La sua musica trasmette un forte messaggio di libertà e speranza. Come si traduce questo messaggio attraverso le sonorità e le atmosfere che utilizza?
La musica, a mio avviso, possiede un potere universale di comunicare emozioni profonde. In “Mare libero” ho scelto di integrare sonorità mediterranee ed etniche, che richiamano le radici della Magna Grecia, per creare un ponte tra passato e presente. Attraverso queste melodie, intendo trasmettere un senso di pace e di serenità, ma anche di resistenza e di speranza. La musica diventa così uno strumento di dialogo e di riconciliazione, capace di superare le barriere e di avvicinare le persone, promuovendo valori di libertà e di rispetto reciproco.
Il videoclip allegato al brano rappresenta Crotone e i suoi aspetti più belli. Potrebbe descriverci come è stato realizzato e quale messaggio desiderava trasmettere con questa rappresentazione?
Il videoclip è stato concepito per mettere in evidenza le bellezze naturali e culturali di Crotone, con particolare attenzione alle sue spiagge, ai paesaggi e alla vitalità della città.

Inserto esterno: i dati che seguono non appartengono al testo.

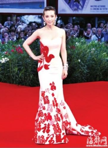 清冷了多日的威尼斯紅毯秀終于因?yàn)椤兜胰式苤ㄌ斓蹏范杆偕郎,影片的主?chuàng)也令華語電影人氣勢(shì)十足。此前,李冰冰要在威尼斯紅毯上穿“青花瓷”禮服的消息被傳得沸沸揚(yáng)揚(yáng),她和范冰冰的“碰瓷”還一度成為熱炒話題。但在昨天的紅地毯上,李冰冰并沒有選擇提前曝光的“青花瓷”,而是選了另一套“百福圖”的戰(zhàn)袍。
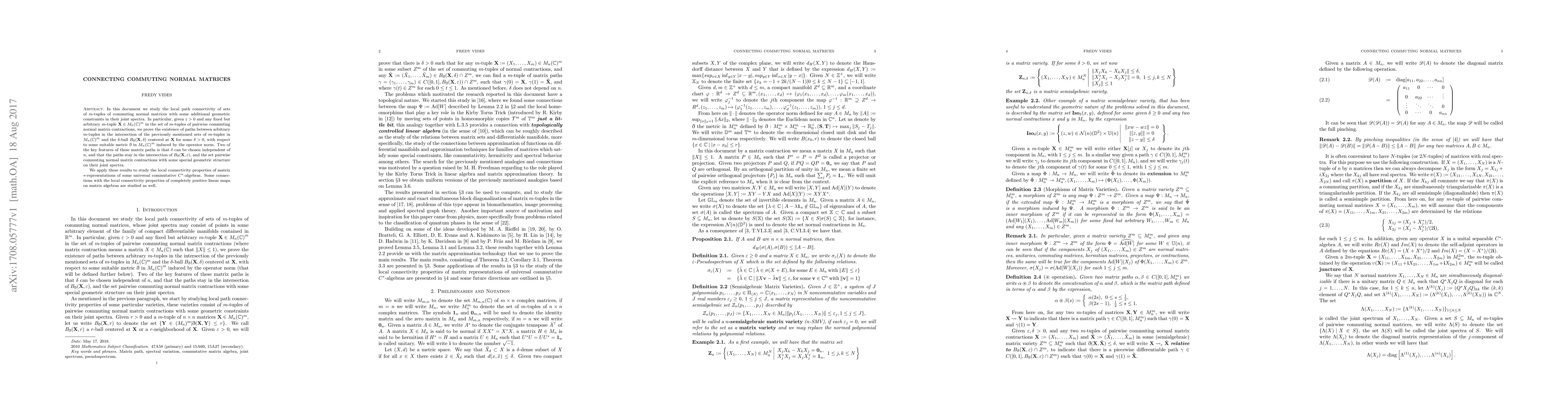 This research paper proves the existence of paths between arbitrary m-tuples of commuting normal matrices within a certain geometric constraint, showing local connectivity in matrix representations of universal commutative C*-algebras.

Ho voluto creare un’immagine positiva e coinvolgente che possa testimoniare il lato migliore di questo territorio, spesso troppo spesso associato a stereotipi negativi. L’obiettivo era quello di trasmettere un messaggio di orgoglio e di speranza, affinché chi guarda possa percepire l’amore e l’ammirazione che provo per la mia terra, e possa riconoscere nelle sue bellezze un patrimonio condiviso e degno di valorizzazione.
Il brano ha anche un messaggio di denuncia contro la violenza. Come si collega questa idea alla sua visione artistica e al suo impegno?

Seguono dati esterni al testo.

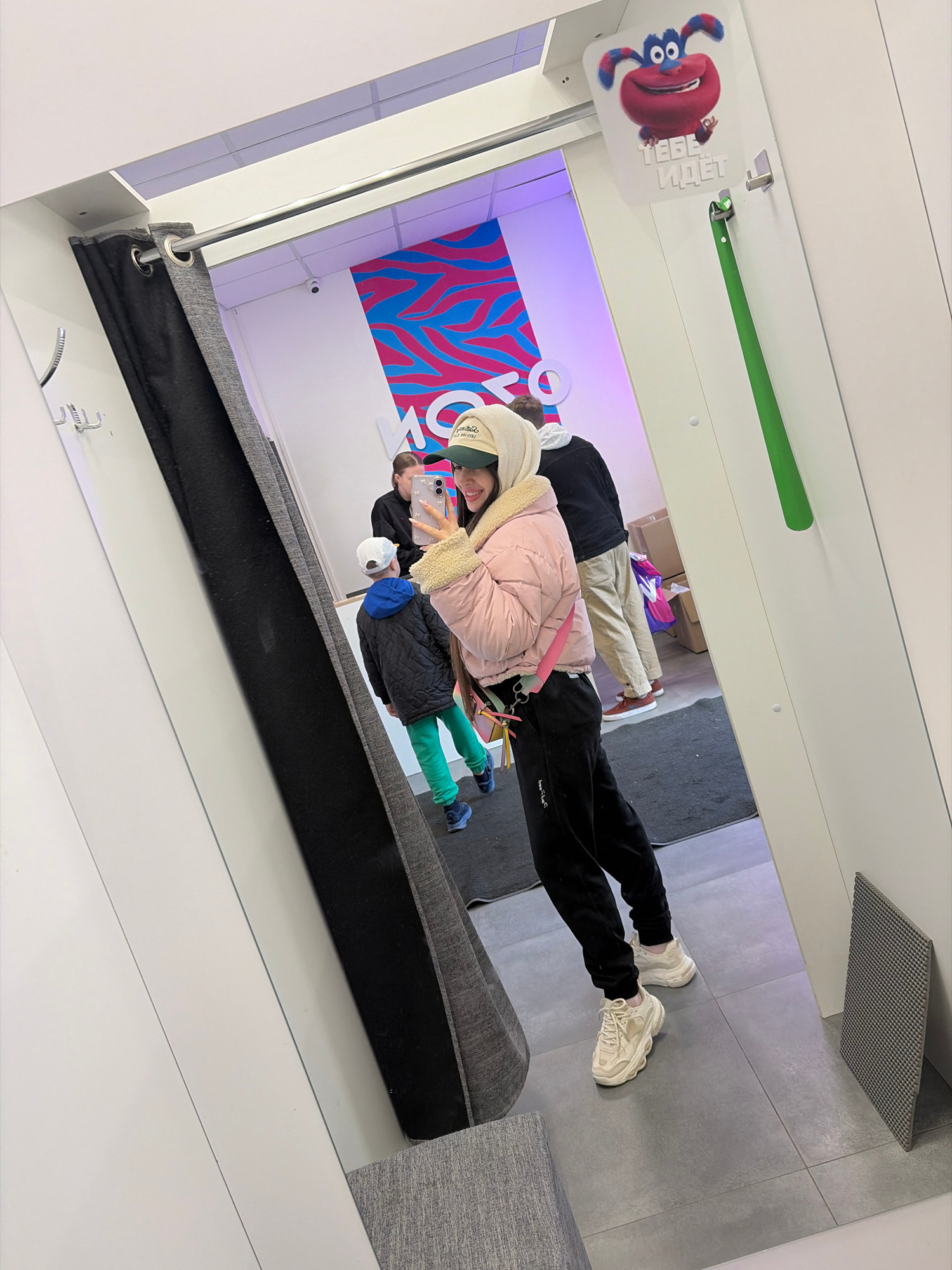 The image depicts a group of people inside a mirror room. A woman in a pink jacket is taking a picture in a mirror. The room has a colorful wall design and a cartoon sign. The location is identified a…read more
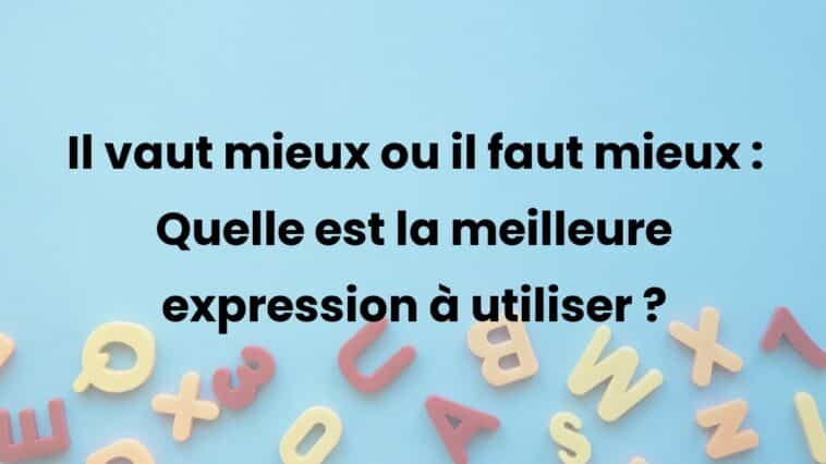 L’expression “il vaut mieux” et l’expression “il faut mieux” sont souvent confondues en français. Pour utiliser la langue de manière correcte, il est crucial de comprendre la différence entre ces deux formulations.
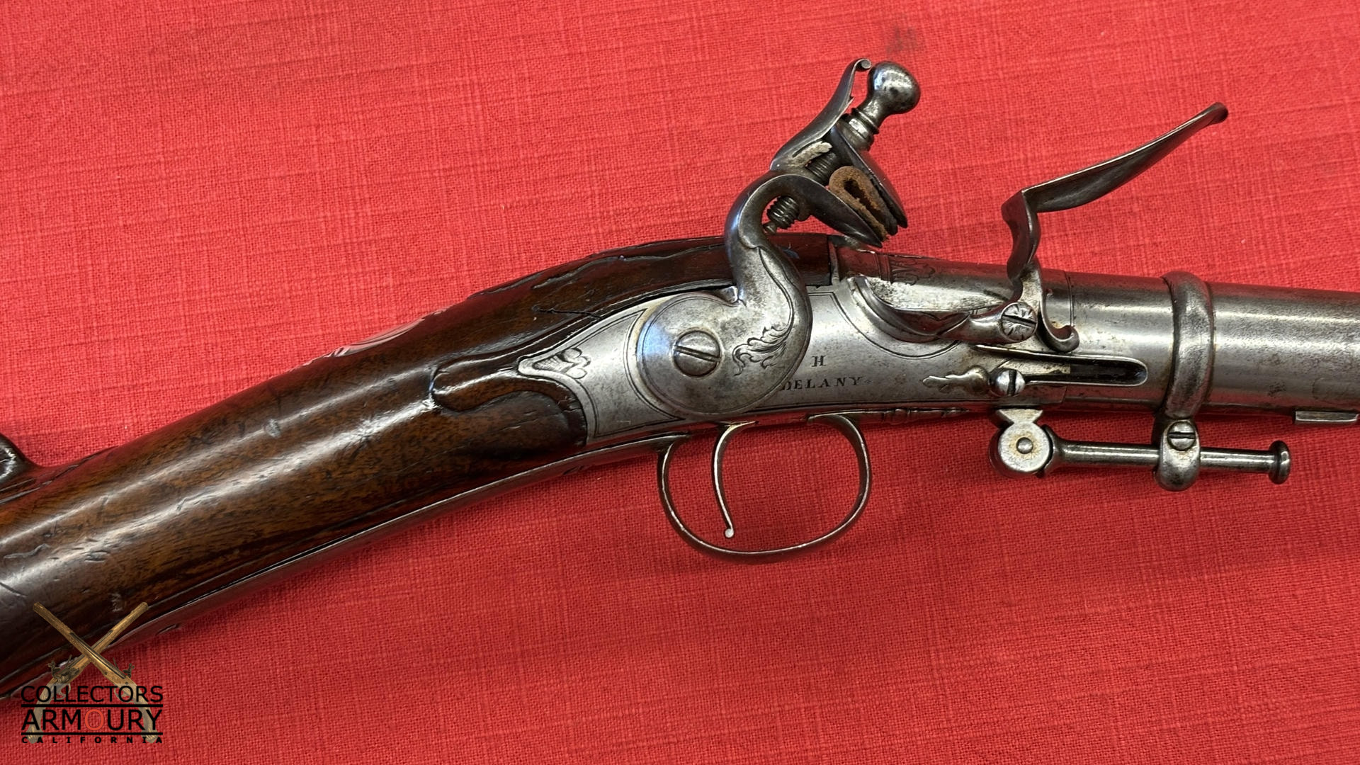 These are genuine dueling pistols and not officer’s pistols. The barrels are plain but the casehardened patent breeches have deeply sunken gold lined poincons with “Palmer” in relief and further enhanced with a gold line. Gold lined touch-holes. Engraved , stepped bolted locks of the best quality engraved signature in a flourish “Palmer” push on safeties. Blued trigger guards with pineapple finials.

La musica, per me, rappresenta uno strumento di pace e di unione tra le persone. Con “Mare libero” ho voluto trasmettere un messaggio di speranza e di libertà, che si oppone a ogni forma di violenza e di oppressione. Credo fermamente che attraverso il canto e la musica si possa arrivare a una dimensione di serenità e di comprensione reciproca. La mia visione è quella di usare l’arte come veicolo di cambiamento sociale, promuovendo valori di tolleranza, solidarietà e rispetto, affinché la musica diventi davvero un mezzo per costruire un mondo più giusto e pacifico.
Guardando al futuro, quali sono i suoi progetti più immediati e le sue aspirazioni?

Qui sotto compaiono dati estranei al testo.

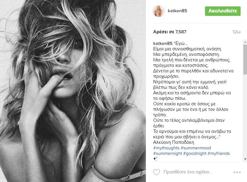 Αξίζει να σημειωθεί πως και οι δύο δεν έχουν κάνει καμία δήλωση για τις φήμες που έχουν γίνει έντονες τον τελευταίο καιρό. Μάλιστα, η όμορφη παρουσιάστρια ανέβασε πριν λίγες ώρες μια φωτογραφία στο Instagram με αινιγματική λεζάντα από ποητικά λόγια της Αλκυόνης Παπαδάκη που μάλλον, σύμφωνα με την Κατερίνα, παραπέμπουν και στην ιδιοσυγκρασία της. Δηλώνει μπερδεμένη, αναποφάσιστη και δεμένη με το παρελθόν...
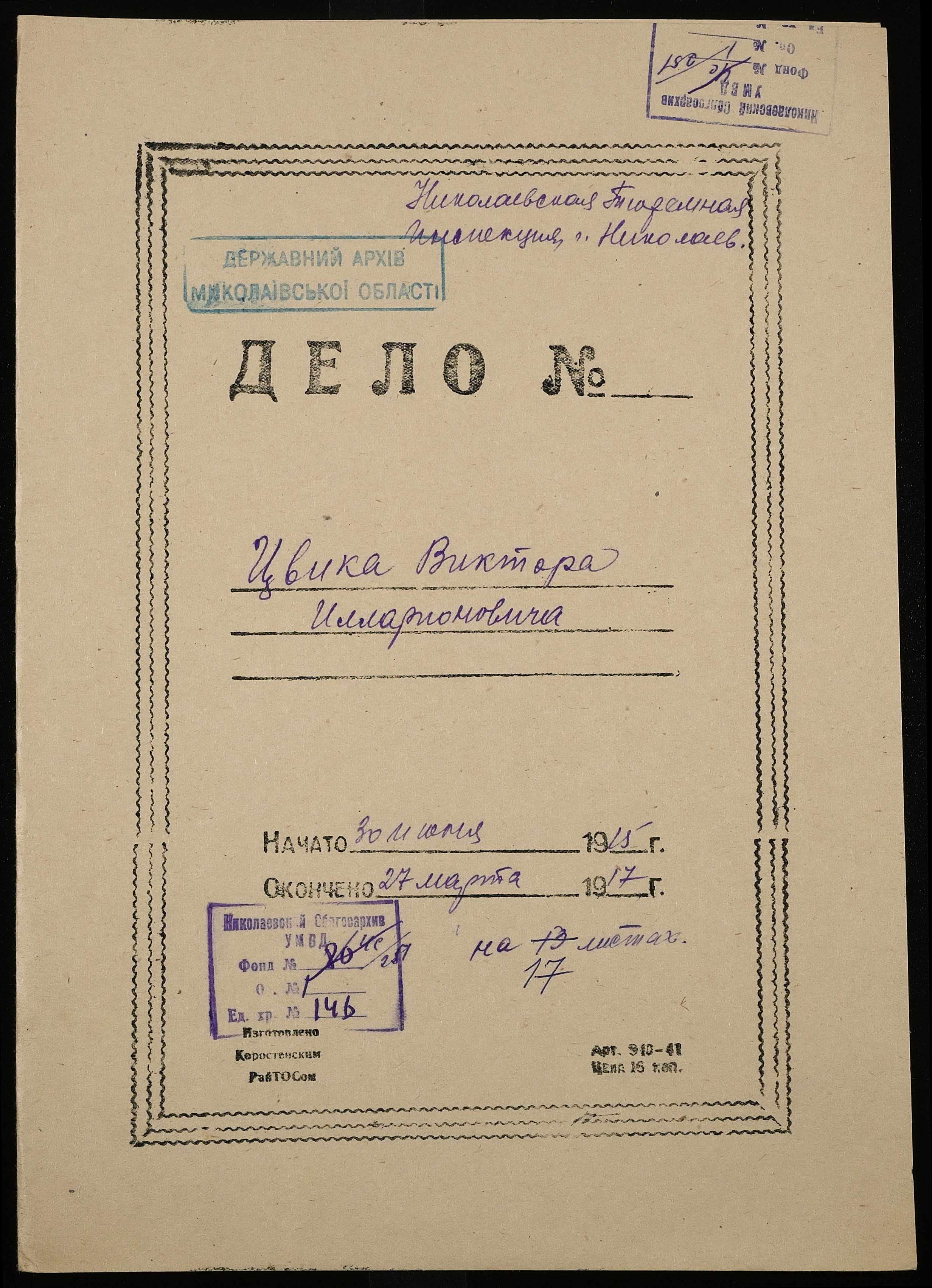 • • • • Справа № 146 Цвик В.І.

Sto attualmente lavorando a nuovi brani che continueranno a esplorare le radici mediterranee e le tradizioni calabresi, integrandole con esperienze e sonorità innovative. Vorrei sviluppare ulteriormente progetti di collaborazione con giovani artisti e promuovere iniziative che possano valorizzare la cultura calabrese e mediterranea a livello nazionale e internazionale.
Infine, quale messaggio desidererebbe rivolgere ai nostri lettori, in particolare a coloro che desiderano riscoprire le proprie radici culturali attraverso la musica?
Il mio invito è di riscoprire e valorizzare le proprie origini con orgoglio e passione. La musica è uno strumento potentissimo per entrare in contatto con le proprie radici e per condividerle con il mondo. Non abbiate paura di esplorare le tradizioni della vostra terra, perché sono ricche di emozioni, di storia e di insegnamenti. La cultura e la musica sono il patrimonio più prezioso che abbiamo e possono diventare un ponte tra passato e futuro, tra identità e universalità. Siate fieri delle vostre radici, e usatele come fonte di ispirazione per costruire un domani migliore.